Architectural considerations

  • Choose the right deployment method. Each deployment method has advantages and disadvantages. It's important to choose the one that best suits your organization's needs. There are two main deployment methods:

    • Real-time (online) inference processes input data as it's received, often with a low-latency requirement. Low latency is important for applications that require immediate responses, such as fraud detection, speech recognition, or recommendation systems. Real-time inference is more complex and expensive to implement than batch inference because it requires a faster and more reliable infrastructure. The underlying compute for real-time inference usually runs continuously to service requests faster.

    • Batch (offline) inference processes a large batch of input data at once rather than processing each input data point individually in real time. Batch inference is well suited for large data volume scenarios that need efficient processing but response time isn't critical. For example, you might use batch inference to process a large dataset of images, and the machine learning model makes predictions on all the images at once. Batch inference is less expensive and more efficient than real-time inference. The underlying compute for batch inference usually runs only during the batch job.

    Machine Learning uses endpoints to deploy models in real time and batch scenarios. Endpoints provide a unified interface to invoke and manage model deployments across compute types. Managed online endpoints serve, scale, secure, and monitor your machine learning models for inference.

    For more information, see the following section in this article, Deployment methods.

  • Ensure consistency. It's important to deploy your model consistently across environments, such as development, staging, and production. Use containerization or virtualization technologies, such as Machine Learning environments, to provide consistency and to encapsulate your environment.

  • Monitor performance. After your model deploys into production, you should track metrics, such as accuracy, latency, and throughput, and set up alerts to notify you when performance falls below acceptable levels. Use Application Insights and the built-in monitoring capabilities of managed endpoints to view metrics and create alerts.

  • Implement security measures. Protect your data and systems. You can set up authentication and access controls, encrypt data in transit and at rest, use network security, and monitor for suspicious activity.

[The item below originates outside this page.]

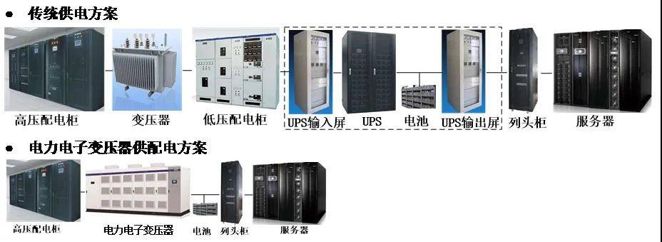 數(shù)據(jù)中心傳統(tǒng)的UPS供電方案,是由高壓配電柜、變壓器、低壓配電柜、UPS等組成,雖然系統(tǒng)方案成熟,但由于設備種類數(shù)量多,電能變換環(huán)節(jié)多,占地面積大,轉換效率低,已有被逐步淘汰的趨勢。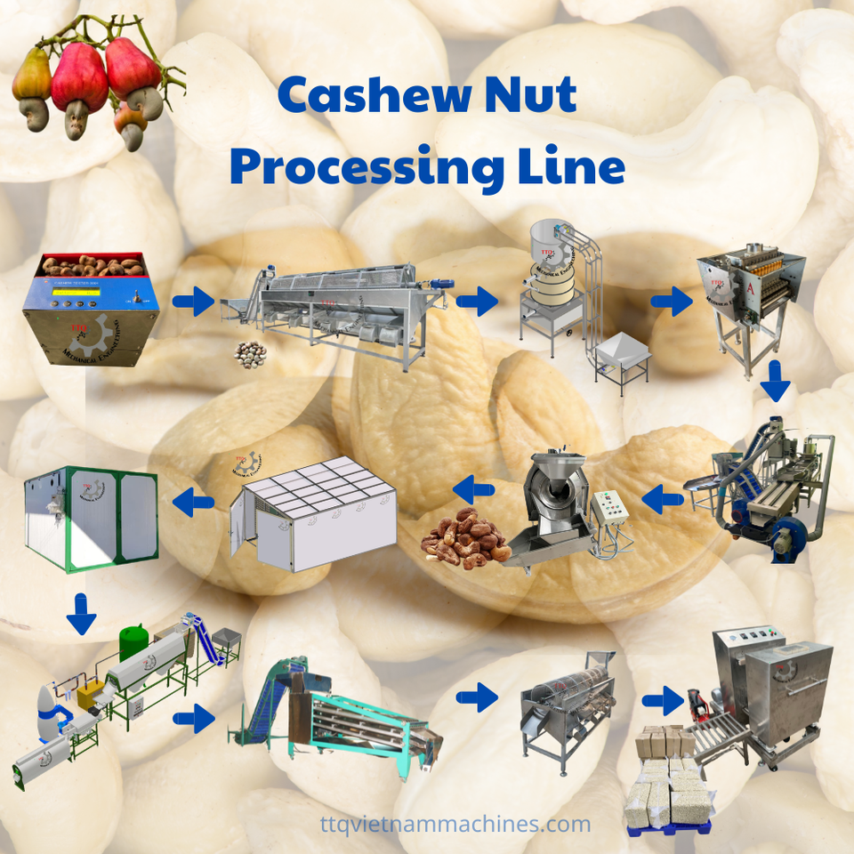 เครื่องแปรรูปเม็ดมะม่วงหิมพานต์ 5 ตัน/วัน กึ่งอัตโนมัติ สำหรับเม็ดมะม่วงหิมพานต์ดิบ เกรดอาหาร ผลิตจากสแตนเลส ผู้ผลิตจากเวียดนาม

  • Create a plan for updates. Machine learning models need updates as new data and new algorithms become available. It's important to create a process to test and validate the updated model before deploying it in production. Blue/green deployment is a common strategy that updates machine learning models in production. With blue/green deployment, you can update a model to a new environment, test it, and then switch to the new model after it's validated. Blue/green deployment ensures that potential issues with the updated model don't affect your customers. For more information, see Native blue/green deployment.

Deployment methods

Consider the following questions to evaluate your model, compare the two deployment methods, and select the method that suits your model:

  • How often should predictions be generated?
  • How soon do you need the results?
  • Are the predictions stored or used immediately?
  • Should predictions be generated individually, in small batches, or in large batches?
  • Is latency expected from the model?
  • How much compute power does the model need to run?
  • Are there operational implications and costs to maintain the model?
  • How is the prediction triggered? Is it event-based or scheduled?

See the following decision tree to determine which deployment model best fits your use case:

A diagram of the real-time inference and batch inference decision tree.

Batch inference

Batch inference is a simple process that enables models to run in timed intervals or based on triggers. With batch inference, business applications can store predictions.

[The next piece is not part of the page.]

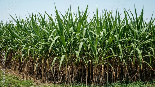 Sugarcane field with dense green foliage and exposed roots under blue sky on a sunny day in agricultural landscape

Consider the following best practices for batch inference:

  • Run batch operations by using API. Use batch endpoints to create a durable HTTPS endpoint that triggers a batch-scoring job for scheduled or event-based data pipelines. The API can integrate with any data orchestration platform that supports REST API invocation. For more information, see the Batch integration bullet point in this section and Deploy models for scoring in batch endpoints.

  • Compute options. Batch inference processes don't usually run continuously, so it's beneficial to automatically start, stop, and scale reusable clusters that can handle a range of workloads. Different models often require different environments. Your solution needs to deploy a specific environment and remove it when inference is complete. Automation makes the compute available for the next model. To reduce cost, use low-priority virtual machines for your compute nodes.

    Important

    The size of the compute nodes is important. If the nodes are too small, the batch inference job takes longer. If the nodes are too large, the job is more expensive. Test and monitor compute nodes to determine the right size for your model.

  • Consider scalability needs. For improved performance, Machine Learning supports features that enable scalable processing. The number of compute nodes and maximum concurrency parameters are defined during the batch endpoint deployment in Machine Learning. You can override the parameters for each job, which provides customers runtime flexibility and out-of-the-box parallelism. These features work with tabular and file-based inference.

  • Batch inference challenges. Batch inference is a simpler way to use and deploy your model in production, but it does present its own set of challenges.

    • Depending on the frequency that the inference runs, the prediction that's generated might be irrelevant by the time it's accessed.

    • Deploying to many regions and designing the solution for high availability aren't critical concerns in a batch inference scenario because the model isn't deployed regionally. But the data store might need to be deployed with a high-availability strategy in many locations. The deployment should follow the application high-availability design and strategy.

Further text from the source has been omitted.